Sequence Properties: The sequence properties can be calculated by using the DNA properties and Protein properties modules. By using these two modules user can retrieve the properties of nucleotides and protein sequences.

1) DNA Properties Module:
The DNA properties module enables the user to analyze the DNA sequence and retrieve GC% and AT%, length, composition, reverse, complementary, reverse complementary and the transcribed sequence of the given DNA sequence. Another important application of this tool is that it enables the measurement of molecular weights under specified variations in the DNA sequence for eg. Anhydrous molecular weight assuming there is no 5' monophosphate, Anhydrous molecular weight assuming 5'monophosphate is present, molecular weight assuming there is 5' triphosphate and molecular weight of single stranded DNA. It allows to calculate the basic melting temperature of the query DNA sequence.
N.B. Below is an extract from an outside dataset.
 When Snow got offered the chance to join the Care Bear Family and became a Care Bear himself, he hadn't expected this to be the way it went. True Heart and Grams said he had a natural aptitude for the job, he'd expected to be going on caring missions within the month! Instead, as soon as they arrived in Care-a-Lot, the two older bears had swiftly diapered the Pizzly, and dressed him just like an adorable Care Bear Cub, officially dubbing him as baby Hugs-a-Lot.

2) Protein Properties Module:
The other module known as the protein properties module provides analysis of the Protein sequence. The user can retrieve composition, length, total molecular weight of the sequence, exact weight of the sequence, protein volume (approximately), extinction coefficient1 [3] of the sequence, optical density2 of sequence, and grand average of hydropathy3 of the given protein sequence.
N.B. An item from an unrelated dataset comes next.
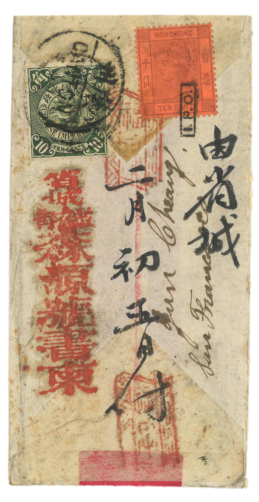 129 cover image1900 Canton (5 Mar) to USA. Red band cover, f.w. Coiling Dragon 10c on reverse, tied by Canton bisected bilingual cds. In combinaiton with Hong Kong QV 10c, tied by Canton Webb type 3 IPO tie-print but no Hong Kong cds. 2004 (Dec) Zurich Asia, lot 326.

3) Restriction Enzyme Analysis:
A restriction enzyme is an enzyme that cuts double-stranded DNA at specific sequences within it known as restriction sites. This restriction enzyme analysis tool contains the 30 different restriction enzymes which are the most commonly used enzymes, to perform the analysis. These restriction enzymes are listed below;

AaatIII

AccIII

Acc65I

AccB7I

Agel

Alul

A/W44I

Apal

BalI

BamHl

Bbul

BclI

BglII

BglIl

BsaMI

BsrBRI

BsrSI

BssHIl

EcoRI

BaMHI

HindIII

TaqI

NotI

HinfI

Sau3A

PovII

SmaI

HaeIII

AluI

EcoRV

4) EST Analysis:
Expressed Sequence Tags (ESTs) are short (usually about 300-500 bp), single-pass sequence reads from mRNA (cDNA). Typically they are produced in large batches. They represent a snapshot of genes expressed in a given tissue and/or at a given developmental stage. They are tags (some coding, others not) of expression for a given cDNA library. The EST analysis tool helps user to concatenate any number of ESTs provided by the user .

5) Sequence Alignment:
Sequence alignment is a way of arranging the primary sequences of DNA, RNA, or protein to identify regions of similarity that may be a consequence of functional, structural, or evolutionary relationships between the sequences . Aligned sequences of nucleotide or amino acid residues are typically represented as rows within a matrix. Gaps are inserted between the residues so that residues with identical or similar characters are aligned in successive columns. The sequence alignment tool provides the pairwise alignment between the two sequences, there by giving Matches, Mismatch and Similarity.

6) SIX Reading Frame:
A reading frame is a contiguous and non-overlapping set of three-nucleotide codons in DNA or RNA. There are 3 possible reading frames in a mRNA strand and six in a double stranded DNA molecule due to the two strands from which transcription is possible. The SIX reading frame tool helps to find the possible six reading frames of a nucleotide sequence.

7) Pattern Finder:
Any protein structure is not fully deciphered until all the domains and motifs present in it are recognized. It has been known that specific sequence patterns are responsible for a particular domain or motif formation. Pattern finder enables the identification of such specific patterns and hence aiding comparative studies. The Pattern finder accepts a given pattern (can be a domain or motif) and helps to locate the sequence region that matches the given pattern of interest.


1. Extinction Coefficient: The extinction coefficient for a particular substance is a measure of how well it absorbs electromagnetic radiation.
2. Optical Density: Optical density is the absorbance of an optical element for a given wavelength.
3. Hydropathy: It is the hydrophobic character, which may be useful in predicting membrane-spanning domains, potential antigenic sites and regions that are likely exposed on the protein's surface.